Sermon: Everyone Was Born Again in Jesus’ Resurrection

Everyone Was Born Again In Jesus’ Resurrection by Tim Brassell

This message proclaims with the Apostle Peter and St. Athanasius of Alexandria God’s Good News that “all people were clothed with incorruption in the promise of the resurrection. For the solidarity of humanity is such that, by virtue of the Word’s indwelling in a single human body, the corruption which goes with death has lost its power over all.”

9 comments so far

  1. Steve Sell on

    Wow I really loved the sermon Tim!! Awesome job!

  2. Len Joson on

    Thanks Pastor Tim! I was so inspired by your sermon.

  3. tjbrassell on

    Thank Steve and Len! You are both of encouragement to me too! Glad to participate in the shared encouragement of the Triune God of Grace along with you!

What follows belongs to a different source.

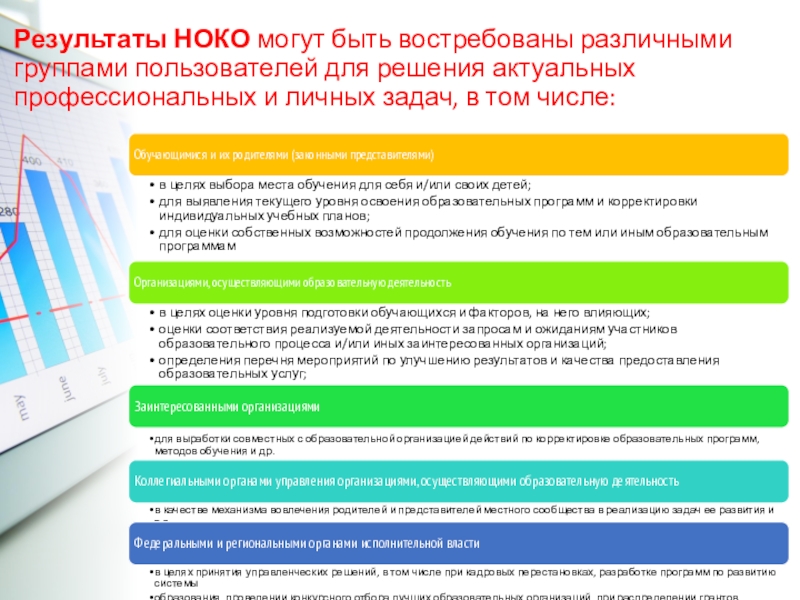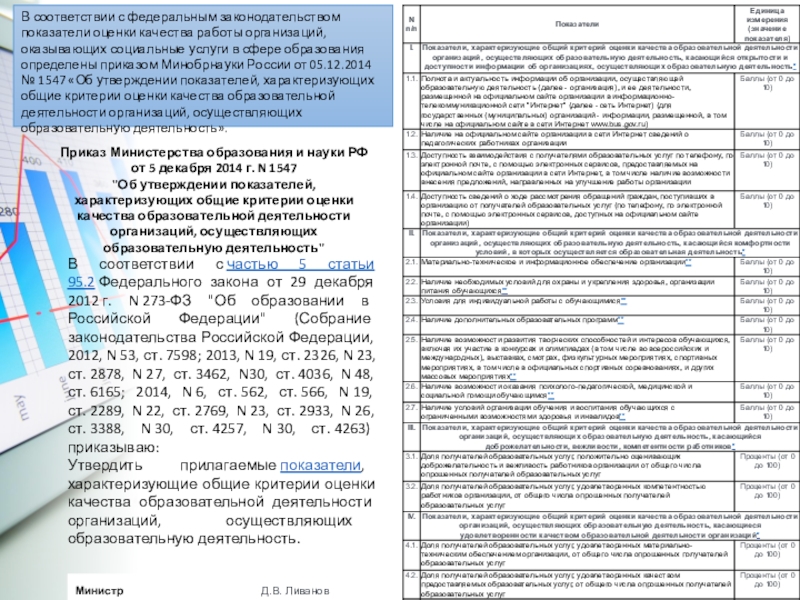В соответствии с федеральным законодательством показатели оценки качества работы организаций, оказывающих социальные услуги в сфере образования определены приказом Минобрнауки России от 05.12.2014 № 1547 «Об утверждении показателей, характеризующих общие критерии оценки качества образовательной деятельности организаций, осуществляющих образовательную деятельность».

    Peace, Love and Blessings!

  4. Good Sermon « christians2 on

    […] I recommend this sermon from Pastor Tim Brassell. You can listen to it from this link: Once you’re on the page, just click “Everyone Was Born Again In Jesus’ Resurrection by Tim […]

  5. Rob on

    What about the parable of the sower, where Jesus says that there are those who won’t make the cut?

    • tjbrassell on

      Hello Rob!

      In the Light of Who Jesus is there are a few things to consider with regard to your question about the parable of the Sower:

      1.) Because of Who God is as a relational Being and who we are in Him as relational beings also, all interpretations of the Gospel must be held up in that relational way.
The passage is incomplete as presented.